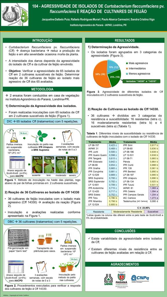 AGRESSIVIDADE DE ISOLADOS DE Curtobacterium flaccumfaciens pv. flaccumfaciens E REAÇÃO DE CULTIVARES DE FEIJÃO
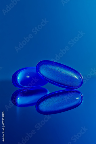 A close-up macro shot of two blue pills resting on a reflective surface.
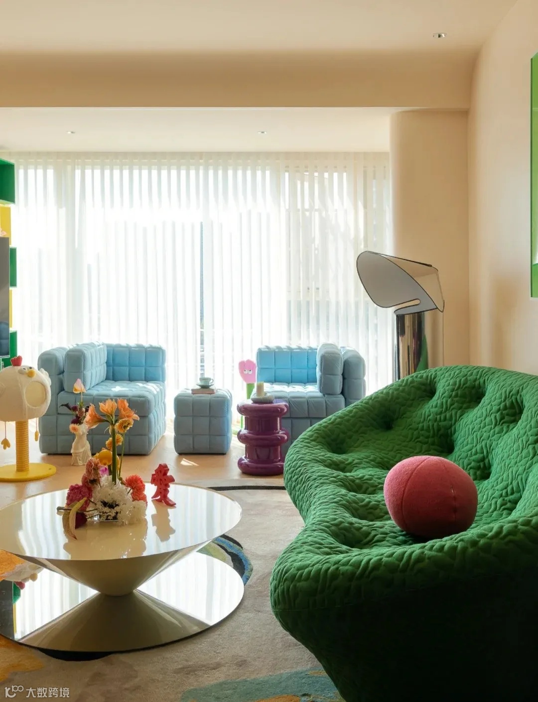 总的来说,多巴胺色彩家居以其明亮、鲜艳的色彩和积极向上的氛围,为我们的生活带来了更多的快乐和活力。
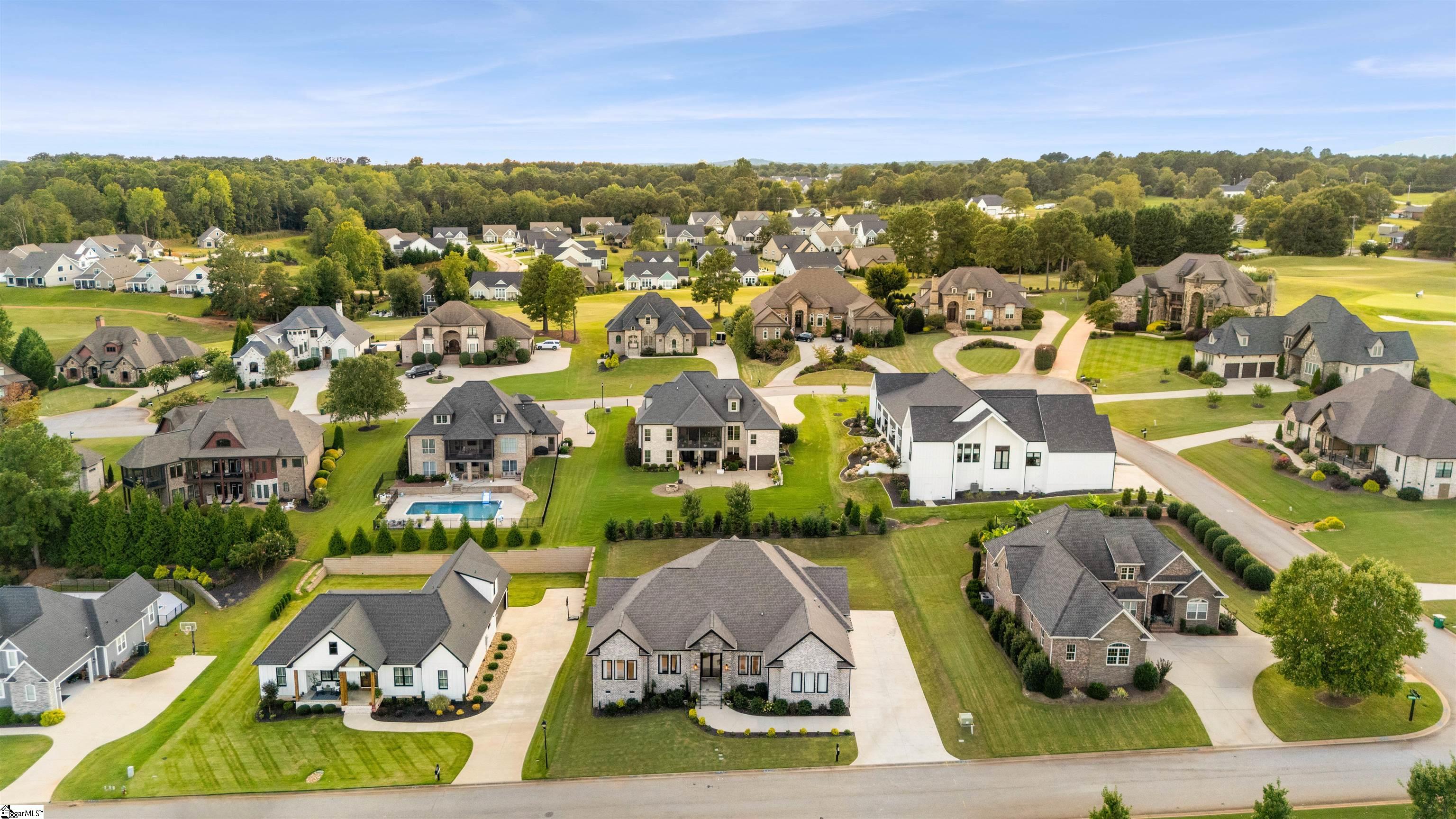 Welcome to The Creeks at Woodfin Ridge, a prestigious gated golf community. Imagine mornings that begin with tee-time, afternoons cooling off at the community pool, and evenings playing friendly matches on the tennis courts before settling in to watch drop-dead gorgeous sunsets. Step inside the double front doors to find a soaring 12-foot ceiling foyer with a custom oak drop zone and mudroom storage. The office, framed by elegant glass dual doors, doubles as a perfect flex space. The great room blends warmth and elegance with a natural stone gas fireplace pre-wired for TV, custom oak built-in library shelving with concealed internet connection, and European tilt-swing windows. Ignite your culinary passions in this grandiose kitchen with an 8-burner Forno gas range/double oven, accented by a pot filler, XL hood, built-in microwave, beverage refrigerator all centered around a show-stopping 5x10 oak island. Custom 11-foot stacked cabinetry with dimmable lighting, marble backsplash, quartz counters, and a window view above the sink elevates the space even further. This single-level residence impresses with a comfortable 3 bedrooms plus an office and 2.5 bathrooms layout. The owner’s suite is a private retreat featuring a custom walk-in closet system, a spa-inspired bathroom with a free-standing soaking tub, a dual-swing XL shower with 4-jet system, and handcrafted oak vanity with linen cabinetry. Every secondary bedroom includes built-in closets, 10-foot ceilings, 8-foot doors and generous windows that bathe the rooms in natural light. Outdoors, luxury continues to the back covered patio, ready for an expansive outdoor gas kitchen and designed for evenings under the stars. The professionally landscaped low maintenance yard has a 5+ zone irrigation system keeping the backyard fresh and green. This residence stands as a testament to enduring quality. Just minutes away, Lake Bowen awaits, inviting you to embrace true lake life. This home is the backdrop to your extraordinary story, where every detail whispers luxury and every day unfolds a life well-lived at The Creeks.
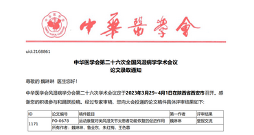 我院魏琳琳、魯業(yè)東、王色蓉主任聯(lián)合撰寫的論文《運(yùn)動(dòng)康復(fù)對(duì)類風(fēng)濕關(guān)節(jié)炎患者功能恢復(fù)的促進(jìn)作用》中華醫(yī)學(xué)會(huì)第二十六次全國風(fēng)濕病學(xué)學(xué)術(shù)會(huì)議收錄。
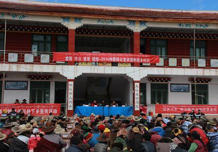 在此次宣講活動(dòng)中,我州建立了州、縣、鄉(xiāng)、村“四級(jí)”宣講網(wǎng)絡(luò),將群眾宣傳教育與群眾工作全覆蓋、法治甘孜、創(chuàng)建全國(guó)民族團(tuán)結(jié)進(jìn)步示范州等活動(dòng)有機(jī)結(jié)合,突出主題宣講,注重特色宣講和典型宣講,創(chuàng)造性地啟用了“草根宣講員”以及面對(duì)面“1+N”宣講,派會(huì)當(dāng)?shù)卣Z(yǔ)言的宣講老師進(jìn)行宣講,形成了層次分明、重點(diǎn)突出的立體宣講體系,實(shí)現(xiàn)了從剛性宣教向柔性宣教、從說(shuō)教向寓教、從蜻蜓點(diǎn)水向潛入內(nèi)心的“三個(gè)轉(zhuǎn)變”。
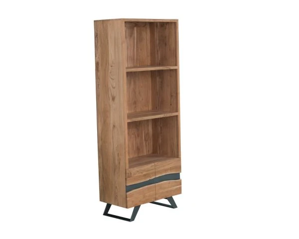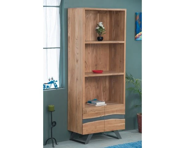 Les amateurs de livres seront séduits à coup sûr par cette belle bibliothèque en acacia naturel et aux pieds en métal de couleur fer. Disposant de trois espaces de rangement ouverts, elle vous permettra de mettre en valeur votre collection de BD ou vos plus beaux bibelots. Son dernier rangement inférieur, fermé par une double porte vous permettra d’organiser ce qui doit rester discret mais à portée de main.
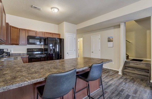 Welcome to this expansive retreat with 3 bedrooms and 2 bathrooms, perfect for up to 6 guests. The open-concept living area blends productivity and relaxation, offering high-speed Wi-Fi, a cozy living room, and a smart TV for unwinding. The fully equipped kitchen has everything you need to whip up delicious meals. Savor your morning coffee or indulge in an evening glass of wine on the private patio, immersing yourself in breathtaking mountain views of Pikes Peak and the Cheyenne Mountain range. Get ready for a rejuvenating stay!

----------------------------------------

**EXERCISE AIM**
Each line, from the beginning of the listing to the line bearing "总的来说,多巴胺色彩家居以其" inclusive, should be copied exactly; the pictures stay out.

**ANSWER**
 AGRESSIVIDADE DE ISOLADOS DE Curtobacterium flaccumfaciens pv. flaccumfaciens E REAÇÃO DE CULTIVARES DE FEIJÃO
 A close-up macro shot of two blue pills resting on a reflective surface.
 总的来说,多巴胺色彩家居以其明亮、鲜艳的色彩和积极向上的氛围,为我们的生活带来了更多的快乐和活力。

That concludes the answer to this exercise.